Bilateral Relations Research in IR

The political and non-political cross-border relations of two social actors – still most commonly sovereign states – within the global system are the genuine matter of scientific interest in bilateral relations research. Although these have been recognised to be somehow important elements of the ‘international’, or – in more up to date terms – of the ‘global’ more widely, the field has long suffered from a theoretical and methodological shadowy existence due to its Janus-faced locatedness in the ‘nexus’ between the conventional analytical perspectives of IR (Harnisch, Brummer and Oppermann 2015), namely the so-called system level (with its focus on the international system) and that of the state (with its focus on foreign policy). On the one hand, this has contributed to a preference for historical-descriptive rather than theory-based studies, which is still evident today, but has been highly unusual in IR from the 1960s on. On the other hand, bilateral relations research persisted in a double self-limitation by adopting the ‘black boxing’ habit of mainstream IR theories (neo-realism, liberalism, Marxism and later conventional constructivism). It has thus simply mimicked the exclusion of different relevant factors, perhaps most importantly the individual, as well as the state-centred substantialism of the mainstream, unnecessarily narrowing its subject to inter-state dyads. Questions of dynamics, change and their driving forces hence remained just as marginalised as in conventional theoretical discussions of IR.

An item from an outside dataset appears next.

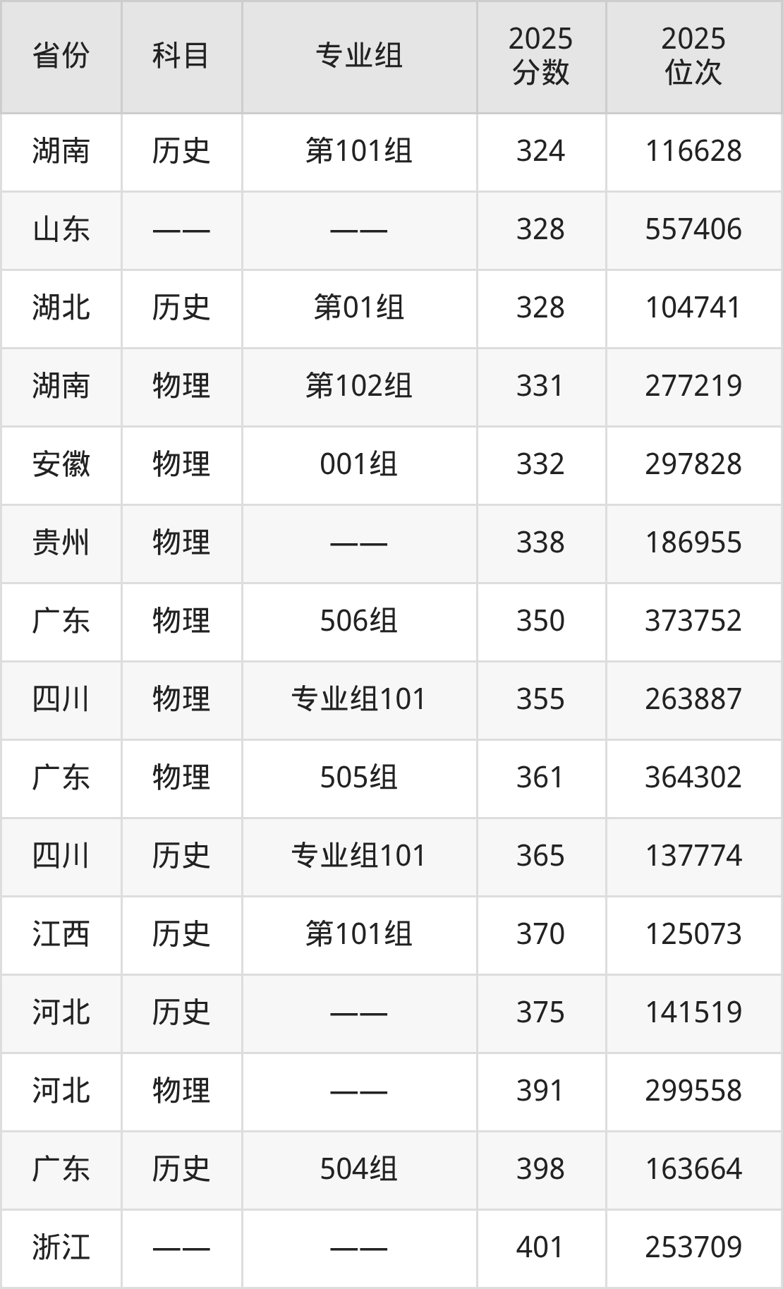 3+3地区:2025年广西物流职业技术学院录取最低分是328分(山东),对应的位次排名是557406名。
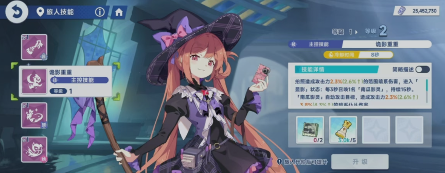 而另外的一个主控技能叫做诡影重重,虽然是主动技能,但是带来的主要效果是控制造成了暗性伤害之后,她会进入一个显影的状态里面,这个状态相对来说就是非常适合召唤队使用的一个状态,因为进入这个状态之后,她每3秒之内就会召唤出一个召唤物,这里的召唤物叫做南瓜影灵,在后续的15秒时间之内,召唤出来的南瓜影灵会进行一个自动攻击的效果,对敌人造成输出的话,带来的属性伤害是暗系仆从的伤害类别,一般在战场上面,她召唤来的召唤物虽然持续时间非常长,但是在数目上面会有数值上限,场内最多的情况下只能存在4个南瓜影灵,而在雾语自身的技能效果以及南瓜影灵的技能效果上面都会跟暗系的印记有关。

Accordingly, first attempts to renew bilateral relations research, for example, the Munich School of Neorealism (Kindermann, 1986), favoured a more holistic and contextualist multi-level approach to the analysis of bilateral relationships. However, it was only the constructivist and above all the relational turn in IR theory (Jackson and Nexon, 1999) at the end of the 1990s that, in my reading, meant a kind of quantum leap for the field: Now IR became more aware of the very subject of bilateral relations research – relations among actors – and slowly began to shift its ontological focus from substances to relations. This opened up the perspective of a new, truly relational bilateral relations research, centred on the dynamic-relational transaction processes among deeply social actors, always embedded in their global environment. In other words, the discipline has slowly started to recognise that:


It is relations that are not only at the heart of explaining and understanding the gimbal of global life, but also central to its observation and encounter. At the same time, relations are neither asserted nor imagined as pre-defined totalities. The epistemic verso of a relational IR is about the cultivation of attentiveness to the self-organizing, shifting, and historically and geographically contingent realities of mobile and relational global life. (Kavalski, 2018: 100)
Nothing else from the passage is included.